Diffusion-FS: Multimodal Free-Space Prediction via Diffusion for Autonomous Driving
This addresses the problem of safe navigation in autonomous driving by predicting navigable corridors from camera images, though it is incremental as it builds on existing free-space and diffusion methods.
The paper tackles drivable free-space corridor prediction for autonomous driving by framing it as a monocular image perception task, introducing a self-supervised approach for data generation and a diffusion-based architecture called ContourDiff that denoises contour points, achieving accurate multimodal corridor predictions on nuScenes and CARLA datasets.

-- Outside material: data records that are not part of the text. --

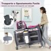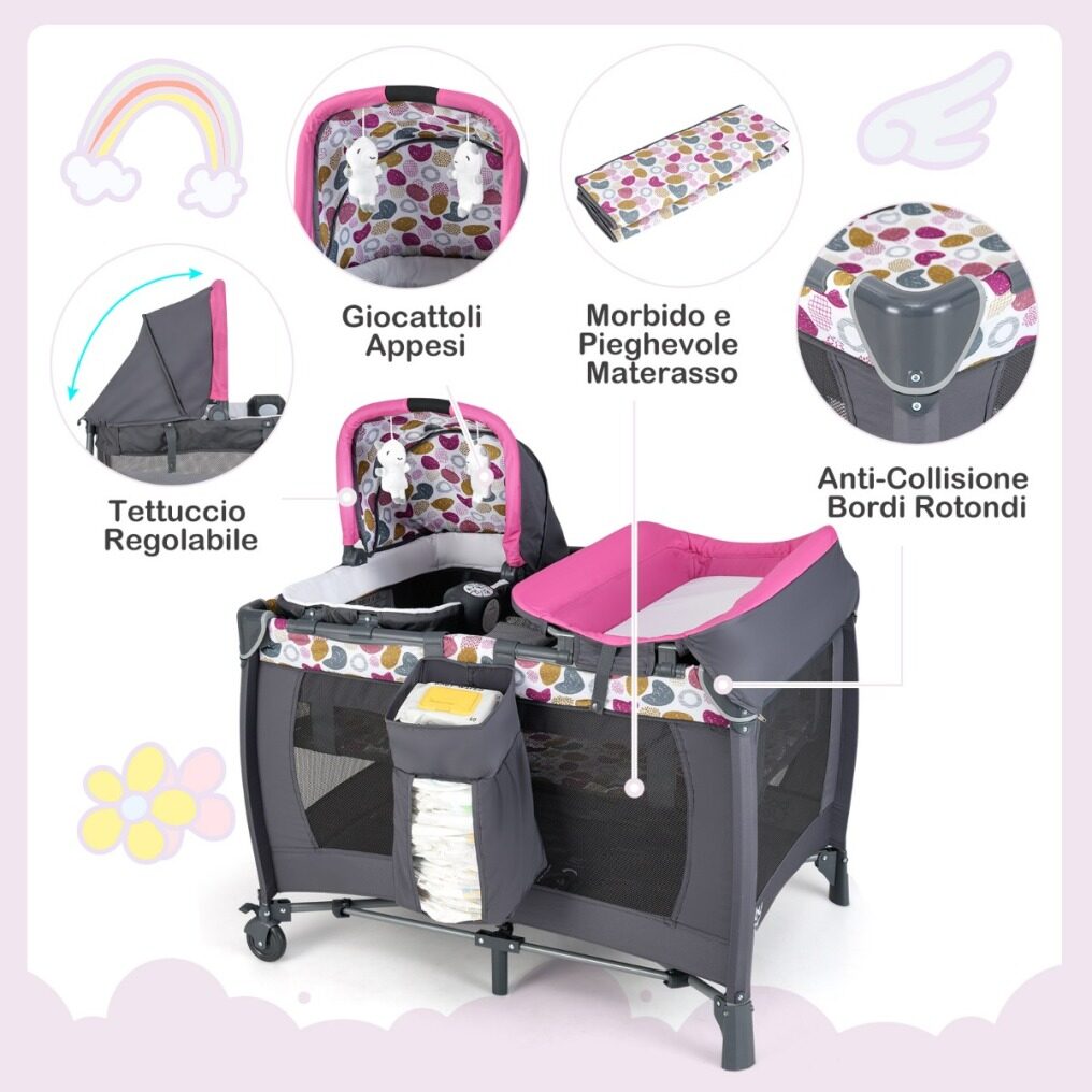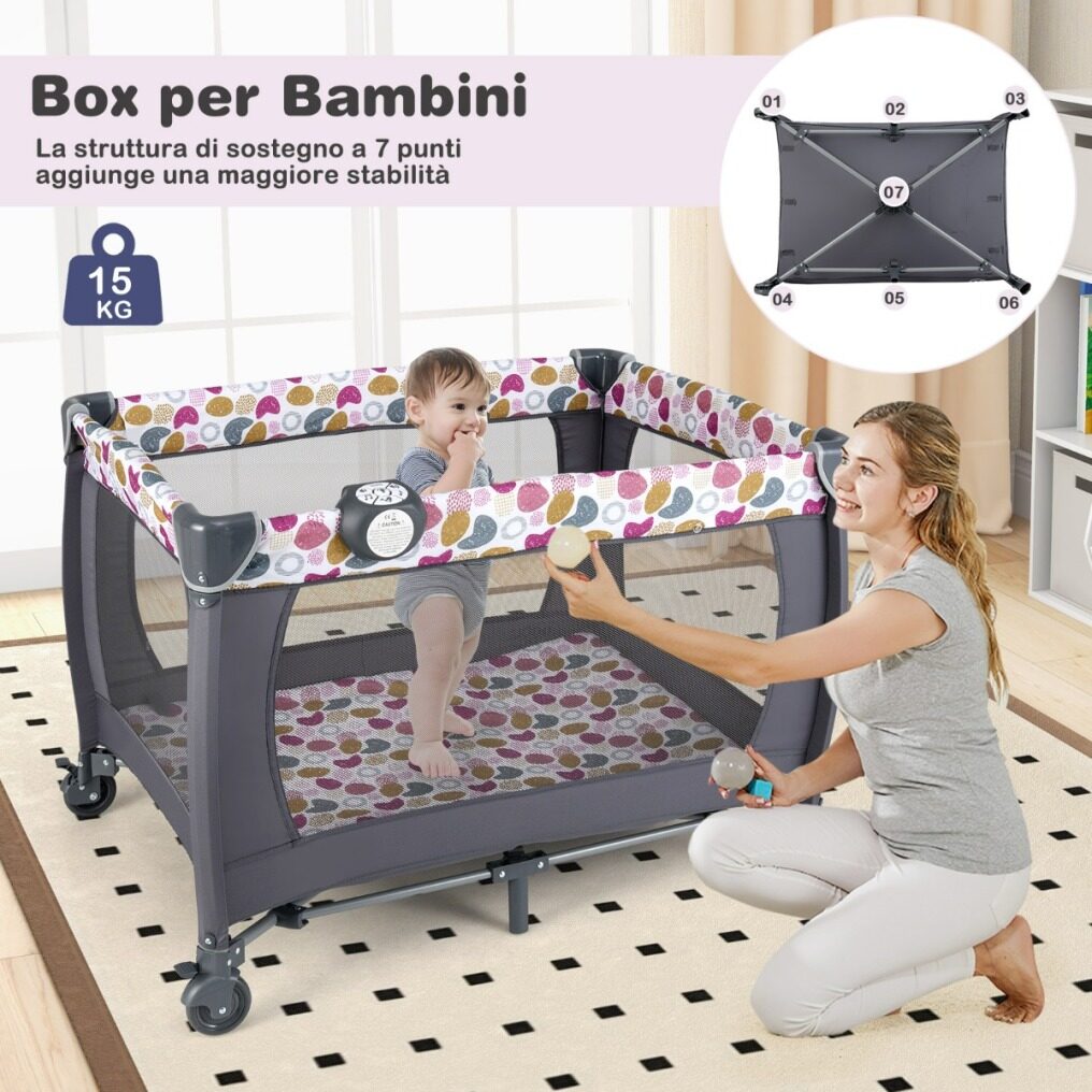 Stable Structure and Ease of Movement: The sturdy metal frame with 7-point support structure ensures greater stability. The breathable mesh on four sides ensures air circulation and allows parents to easily observe their baby. Equipped with 2 lockable wheels for easy movement.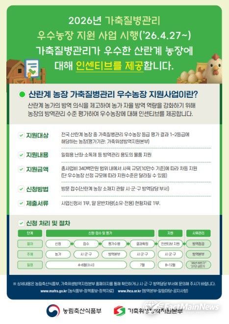 팩트메인뉴스 이훈 기자 | 농림축산식품부는 축산농가의 방역역량을 강화하고 가축전염병 발생을 사전 예방하기 위해 '가축질병관리 우수농장 지원사업'을 2026년 4월부터 본격 추진한다고 밝혔다.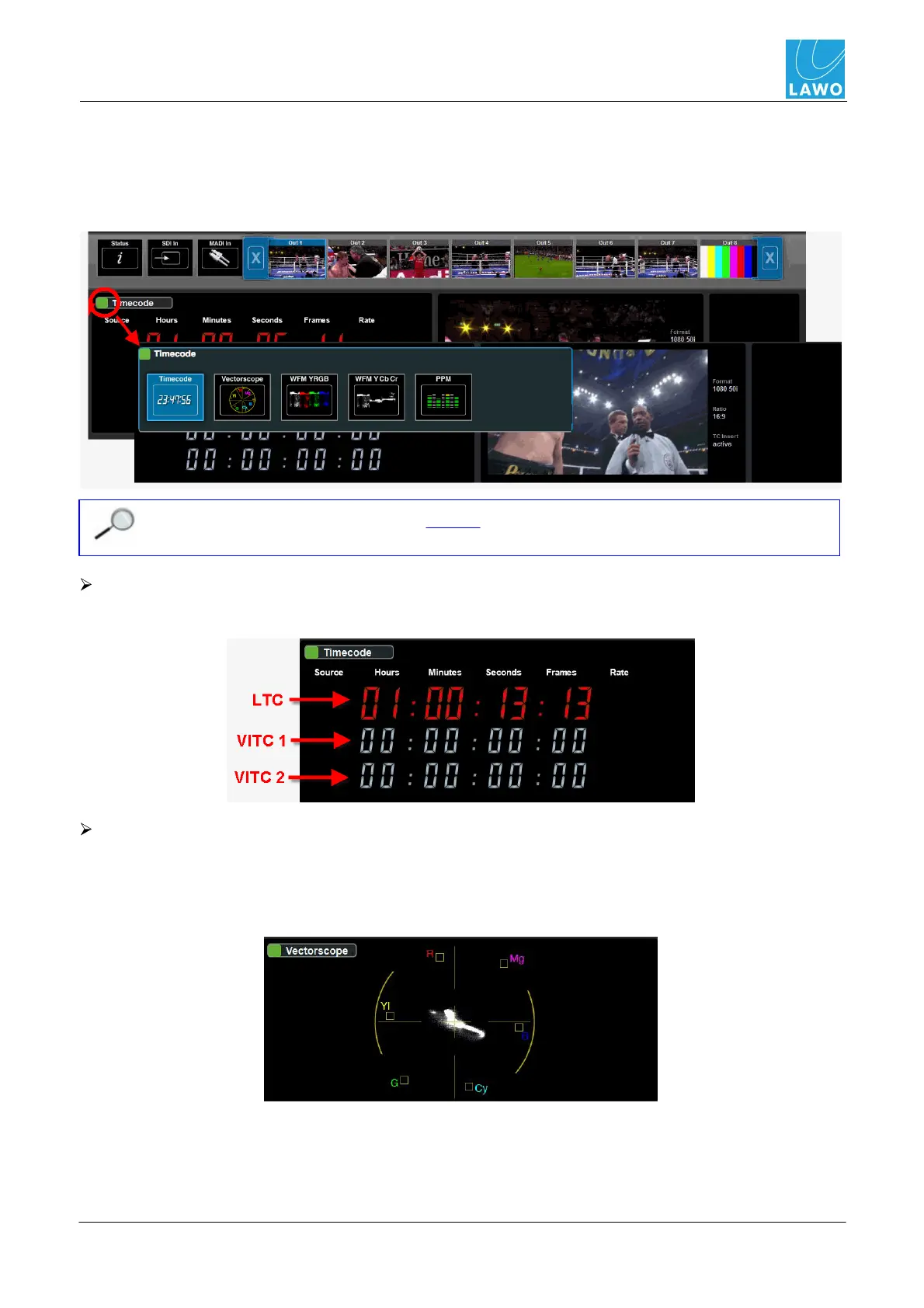 Displays the three embedded timecode streams (VITC 1, VITC 2 and LTC):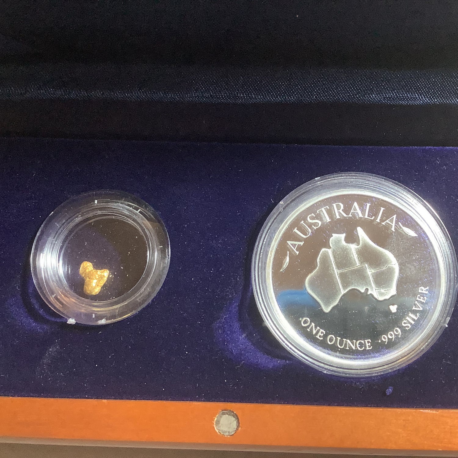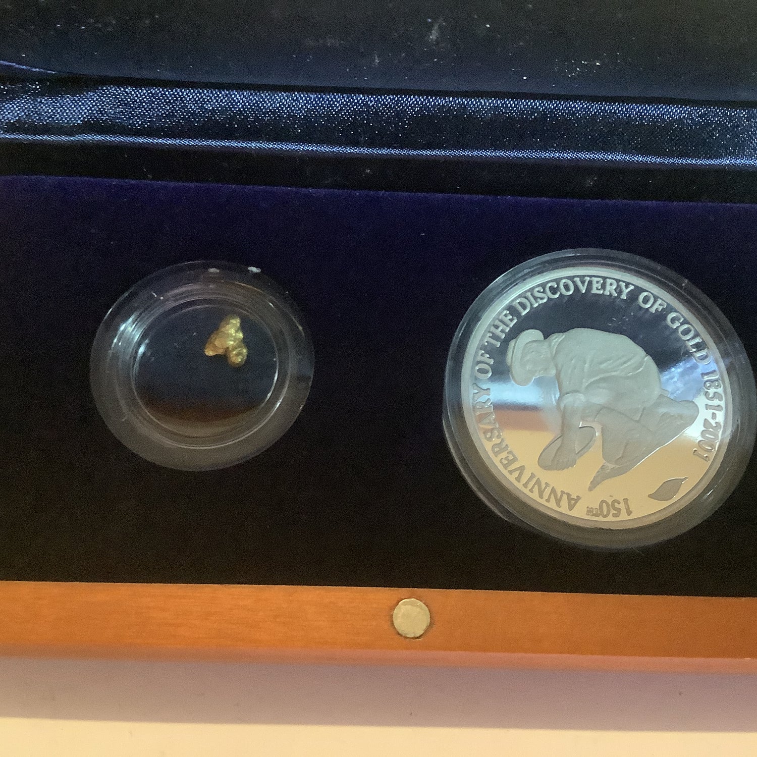 Released to celebrate the 150th anniversary of payable gold in Australia, this set features a silver medallion and a one-gram gold nugget.

Drivable Free-space prediction is a fundamental and crucial problem in autonomous driving. Recent works have addressed the problem by representing the entire non-obstacle road regions as the free-space. In contrast our aim is to estimate the driving corridors that are a navigable subset of the entire road region. Unfortunately, existing corridor estimation methods directly assume a BEV-centric representation, which is hard to obtain. In contrast, we frame drivable free-space corridor prediction as a pure image perception task, using only monocular camera input. However such a formulation poses several challenges as one doesn't have the corresponding data for such free-space corridor segments in the image. Consequently, we develop a novel self-supervised approach for free-space sample generation by leveraging future ego trajectories and front-view camera images, making the process of visual corridor estimation dependent on the ego trajectory. We then employ a diffusion process to model the distribution of such segments in the image. However, the existing binary mask-based representation for a segment poses many limitations. Therefore, we introduce ContourDiff, a specialized diffusion-based architecture that denoises over contour points rather than relying on binary mask representations, enabling structured and interpretable free-space predictions. We evaluate our approach qualitatively and quantitatively on both nuScenes and CARLA, demonstrating its effectiveness in accurately predicting safe multimodal navigable corridors in the image.